The great Indian wedding

The sales of Vedant Fashion are highly correlated to the wedding season. The Indian wedding market is massive at USD50 billion with around 3 million weddings or events taking place every year. According to news reports, the spending is growing and is likely to be around INR3.75 lakh crore this year.

According to Crisil, weddings are getting bigger, grander, and longer, fuelled by higher disposable incomes and a surge in discretionary spending. It expects the ethnic-apparel market to grow between 15% and 17% to nearly INR1.38 trillion by 2025, supported by a growing desire among Indians to wear traditional attire instead of western wear for big celebrations.

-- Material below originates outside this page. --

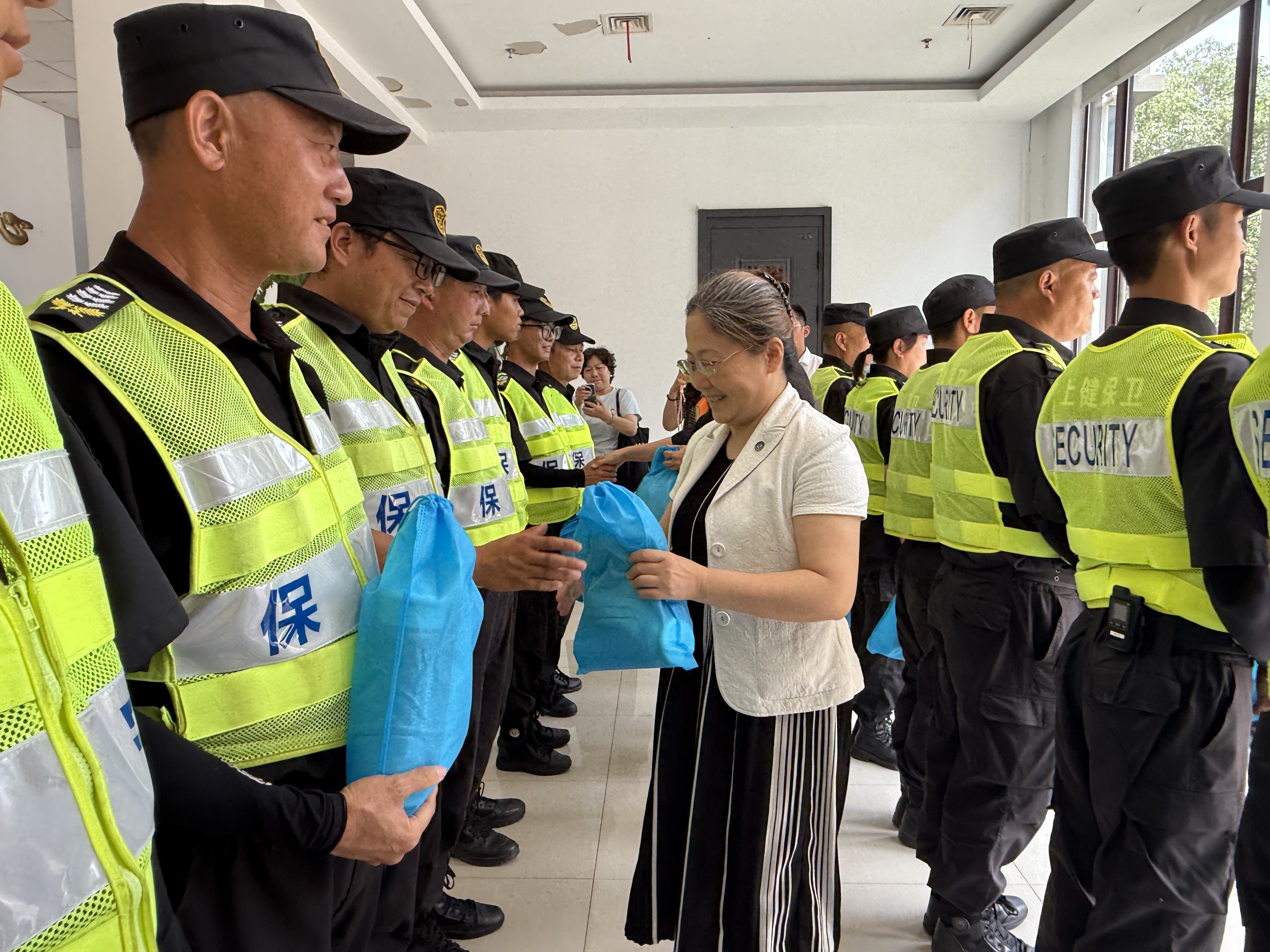 上海宗保保安服務(wù)有限公司是一家由退役軍人創(chuàng )辦的企業(yè)。公司秉持“規范經(jīng)營(yíng) 誠信為本 服務(wù)至上”的發(fā)展理念,抓管理促規范,抓隊伍強素質(zhì),抓服務(wù)增信譽(yù),公司員工綜合素質(zhì)過(guò)硬,甘于吃苦、能打硬仗。連日來(lái),他們頂著(zhù)烈日,冒著(zhù)酷暑,堅守在崗位第一線(xiàn),助力完成了甲方賦予的各項工作任務(wù)。他們的敬業(yè)精神贏(yíng)得了甲方的表?yè)P點(diǎn)贊,他們的工作表現得到了甲方的充分肯定,近日甲方領(lǐng)導看望慰問(wèn)公司員工,致敬他們的敬業(yè)奉獻,感謝他們的辛勞付出。

While a lavish spending is done on everything, from venue to food to even flower arrangement, clothes hog the limelight. The business has become high-margin, elite, and high-fashion. And the organised market is growing at a very fast pace.

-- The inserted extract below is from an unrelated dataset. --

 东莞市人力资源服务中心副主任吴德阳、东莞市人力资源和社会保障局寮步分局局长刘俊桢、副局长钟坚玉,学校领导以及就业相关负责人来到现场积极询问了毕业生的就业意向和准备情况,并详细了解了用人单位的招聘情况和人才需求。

In the organised market, Vedant Fashion has a 40% market share which might be difficult to maintain as competition increases. “In the upcoming quarter, while April experiences a slight lull in wedding dates, May and June present an abundance of excellent opportunities. Moreover, as we analyse the entire year ahead, we are highly confident in the favourable wedding dates during Q3 and Q4. These trends align closely with our historical data, reinforcing our optimism for the current new financial year,”says Vedant Modi, chief marketing officer, Vedant Fashions.

“Vedant Fashions has successfully tapped into and emerged as the market leader, head and shoulders above competitors, in a segment that has been extremely fragmented. Festive wear and occasion wear is not immune to downturns, but is better placed to ride them out, and this makes it a very attractive product segment. However, Vedant have exploited this opportunity and scaled up much more successfully than other companies, beginning with menswear and then in womenswear,” says Devangshu Dutta, CEO, Third Eyesight.

Expansion spree

Vedant Fashions is expanding its retail footprint by adding around 75,000 sq ft retail area in Q4FY23. It has a total retail presence of 1.47 million square feet as of March FY23, spanning across 649 stores in 257 cities. There is a direct correlation between the addition of stores and the growth in sales, but the full potential of a new store takes some time. Almost 40% of the expansion has happened in the fourth quarter, so the full revenue (of the expansion) would come in the following year. Thus, many times the store growth doesn’t match the revenue growth.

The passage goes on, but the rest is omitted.